# ⚛  L1 Principle — Doppler Weather Radar

**ID:** `L1-105` · **Status:** ⊙ Testnet (genesis catalog)

> **🌐 Domain:** Remote Sensing — *Atmospheric Doppler reflectivity + velocity*
> **🎯 Problem class:** linear inverse · **🧮 Solution space:** 3D reflectivity velocity
> **📡 Carrier:** radio_wave · **🌫 Noise:** gaussian
> **⚖ Difficulty (δ):** 3 · **⛓ Block:** 41554198

---

## 🧠 1. Introduction

**Doppler Weather Radar** is a **linear inverse problem** whose unknown lives in **3D reflectivity velocity** space, within the **Atmospheric Doppler reflectivity + velocity** sub-domain of **Remote Sensing**.

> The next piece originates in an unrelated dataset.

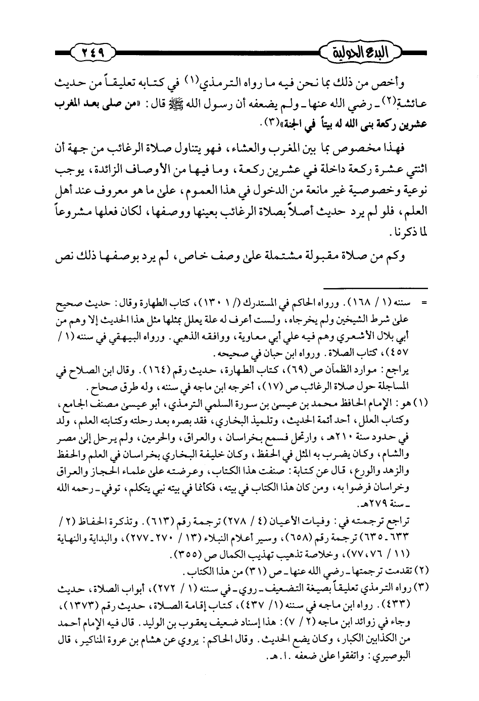 وأخص من ذلك بما نحن فيه ما رواه الترمذي في كتابه تعليقاً من حديث عائشة -رضي الله عنها- ولم يضعفه أن رسول الله صلى الله عليه وسلم قال: ((من صلى بعد المغرب عشرين ركعة بني الله له بيتاً في الجنة)) (¬1) .

Measurements consist of radio-frequency electromagnetic waves via a **doppler radar** sensing mechanism.

The forward operator applies, in order: L · emit · pulse operator; L · volume scatter operator; L · doppler frequency shift operator; detector accumulates flux over the exposure window.

Observations are corrupted by additive Gaussian noise. Existence of the recovered 3D reflectivity velocity is guaranteed within the declared Omega bounds. Uniqueness holds on the measurement-supported subspace; out-of-support modes are controlled by the declared priors. Stability is well-conditioned (kappa_eff ~= 9); beam_blockage dominates the stability cliff; AP_propagation and the remaining mismatch parameters contribute higher-order bias terms. Additive gaussian thermal/electronic noise sets the irreducible data-fidelity floor, while mild Tikhonov or analytic inversion is sufficient at the nominal Omega point.

## ⚙ 2. Forward Model

Physical chain: **x** → L · emit · pulse → L · volume scatter → L · doppler frequency shift → Temporal integration → **y** (detector).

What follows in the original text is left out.